Rickshaw issue
After a long interval, my old friend Mr Rahat of Malibagh has resurrected himself again (“Let's not be biased”, DS 17/08/09) on the subject of the total banning of rickshaws from Dhaka's streets. Once again as in the past, his letter is a kitchurie of pious platitudes, dreams, innuendos and hope, without any pragmatic suggestion to solve the perennial traffic headache. His letter takes me to task for advocating the continued existence of rickshaws. I am proud to do so. I too would like to see the end of the rickshaw within my lifetime, BUT only if there is a viable alternative. The letter “Minister's Position” right next to his letter would perhaps help to educate him, as many of the answers are staring him in the face, but I doubt it.

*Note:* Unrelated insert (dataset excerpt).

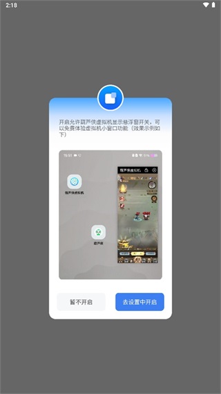 1、首次进入葫芦侠虚拟机App需要在设置中开启悬浮窗权限;

To repeat the facts once again, that Mr Rahat himself admits in his letter, there are 400,000 rickshaws and about the same number of private cars in Dhaka. Rickshaws occupy about 30 sft of road space as against 72-90 sft for the stretched out Gas Guzzling Monstrosities. Cars occupy more than 75% of available road space while mostly carrying one or no passenger at all, while most rickshaws average 1.76 passengers (50% of Dhaka's population against 1-2% of the privileged class). Rickshaws add around Tk. 10 crore EVERY DAY to the GDP providing livelihood for about 20-25 lakh rickshaw related people, while cars spend much more, much of it in valuable foreign exchange. I will not even mention the air, noise and light pollution of cars, which are additional “bonuses” to keep our doctors busy.
Mr Rahat says rickshaws are the MAJOR cause of traffic jams. If so why is there gridlock on the roads that have been rickshaw-free for many years? He also says that rickshaws are an extremely dangerous form of transport. Yes, they do cause a few scratches and broken limbs (usually after being hit by a car), but they fall far short of the killing spree of thousands that motor vehicles kill and maim and disable every year. But Mr Rahat is an honourable man, so he sheds some crocodile tears seeing a man pulling others in a degrading fashion by which he feeds his family. But not a tear is shed for the 40-50 lakh BE-KAR and BE-BUS men, women, children, old, infirm, disabled etc people who want to get a cheap and fast transport to offices, shops, bazaars, hospitals, schools etc on rickshaws.
I am sure car owners will be glad to read Mr Rahat's revealing the 'truth' that Mirpur Road is free from traffic jams after rickshaws were banned there. My own experience of Mohakhali Road, which was declared rickshaw-free in Ramadan of 2007, suggests otherwise. After forcing the fasting public to walk on the pot-holed road initially, this anti-people rule fast lost steam and was ignored most of the time. Since Jan 2009, rickshaws and cars had become compatible and there was even a perceptible improvement, because many of the saner car owners ( yes, there are quite a lot of them in my neighbourhood) saw the advantage of taking a short and cheap rickshaw ride to their offices in Banani, Gulshan, Niketon etc keeping their gas guzzlers in the garage. Of late the cops are back with a bang (punctured rickshaw tyres), the traffic jams more intense and the tempers of the rickshaw-travelling public more frayed. Is this, the traffic authorities' sadistic response to the masses for the holy month? Are they so under-employed, that they have taken recourse to this method of intimidation once again to provoke the fasting public in the Ramadan of 2009?
Perhaps only the authorities (if any) and Mr Rahat can answer these queries.